LDMX-Software / ldmx-sw

The Light Dark Matter eXperiment simulation and reconstruction framework.
https://ldmx-software.github.io
GNU General Public License v3.0
21 stars 19 forks source link

Streamlined validation code #1114

Open bryngemark opened 1 year ago

bryngemark commented 1 year ago

Is your feature request related to a problem? Please describe. It would be great to have a streamlined plotting of the DQM plots produced in the GitHub validation action, as well as other standard validation plots each subsystem needs.

Describe the solution you'd like @tomeichlersmith has started making some of this for Ecal and I'd like to import that to ldmx-sw. His repo is already set up to run comparisons across versions, and is equipped to use with notebooks. The idea would be to have the plotting tool be general, with the possibility to run system specific simulations (e.g. what type of beam you'd like and starting from where), and list the histograms you want to plot.

Describe alternatives you've considered That we start something from scratch.

Additional context This validation plot suite could also be included as the end step of our automatized GitHub validation action triggered by PRs. This way we'd make it easier to actually inspect the gold/new comparison plots.

tvami commented 3 weeks ago

Does this issue just mean that we should use https://github.com/LDMX-Software/ldmx-sw/tree/trunk/Validation in the CI?

tomeichlersmith commented 3 weeks ago

I'm not sure if that was the original intent, but I do think it would be a good idea to have the plotting code used in the CI be something that humans can use directly as well.

We would need to use NumPy's KS test rather than ROOT's which isn't a large problem. The PyROOT script I wrote for the CI can be used as a potential reference although we could probably be a bit more careful and make sure the plots are prettier and maybe combine them into a slide-deck rather than a directory for easier browsing by reviewers.

bryngemark commented 3 weeks ago

@tvami yes this is what i had in mind, originally, and i still think it's a good idea. as @tomeichlersmith implies, making human interactions with the CI output easier would be a good step forward.

it would be particularly amazing if failed test plots could be attached to the PR by the action, in some non-obscure location (avoiding the whole artifact downloading, untarring, etc), perhaps even to the thread itself? we're not penalized for using large amounts of data for our discussions, right?
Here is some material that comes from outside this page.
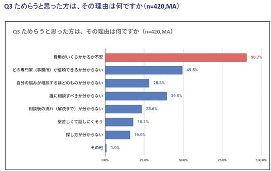 【相談の壁】 いざという時に専門家への相談を「ためらう」人は60.0%。「費用がいくらかかるか不安」が理由の9割超を占める 。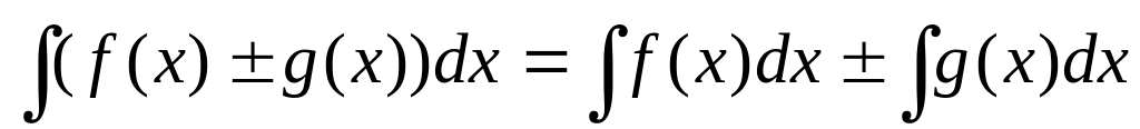 Невизначений інтеграл від алгебраїчної суми двох неперервних функцій дорівнює алгебраїчній сумі інтегралів від цих функцій:

tomeichlersmith commented 3 weeks ago

We are not penalized directly for using large amounts of data within discussions, but we are prevented from doing so indirectly.

As far as I can tell, GitHub does not allow programmatic uploading of files to PRs/Issues/Discussions. The easiest evidence for this is probably the fact that GitHub's own CLI program is able to make a comment on an issue but is not able to upload any files while making the comment.[^1] This isn't a technical issue because we can upload files with certain extensions to GitHub PR/Issue comments through the browser and you can even upload files to attach to releases with gh release upload.

So how could we get around this? Well, you may notice that when you upload an image to GitHub, it stores it in under some unique ID within github.com/user-attachments/{files,assets} (assets for images and files for everything else) and then just inserts a link to that location for viewing the image (or downloading if the file is not an image). For example,

![DM Plushie](https://www.particlezoo.net/cdn/shop/products/dark_matter_c0dfc7d0-e4c4-4063-8bc3-f8563646dc69_1024x1024.jpg?v=1491285981)

looks like

DM Plushie

So, we need a host that allows us to programmatically upload images while also making those images publicly viewable so we can then link to them on GitHub. This is how other organizations enable attachment of validation plots/files onto GitHub. They aren't attaching plots/files to GitHub, they are just linking to a known location that they have access to.

Options for Us

Summary

We are reaching the end of what a free-tier, no self-host option gets us. If we want to make the viewing of plots more ergonomic, we almost certainly need to use self-hosting in some way.

[^1]: The manual for gh issue comment implies this. There is no "upload this file" option. gh pr comment is similar.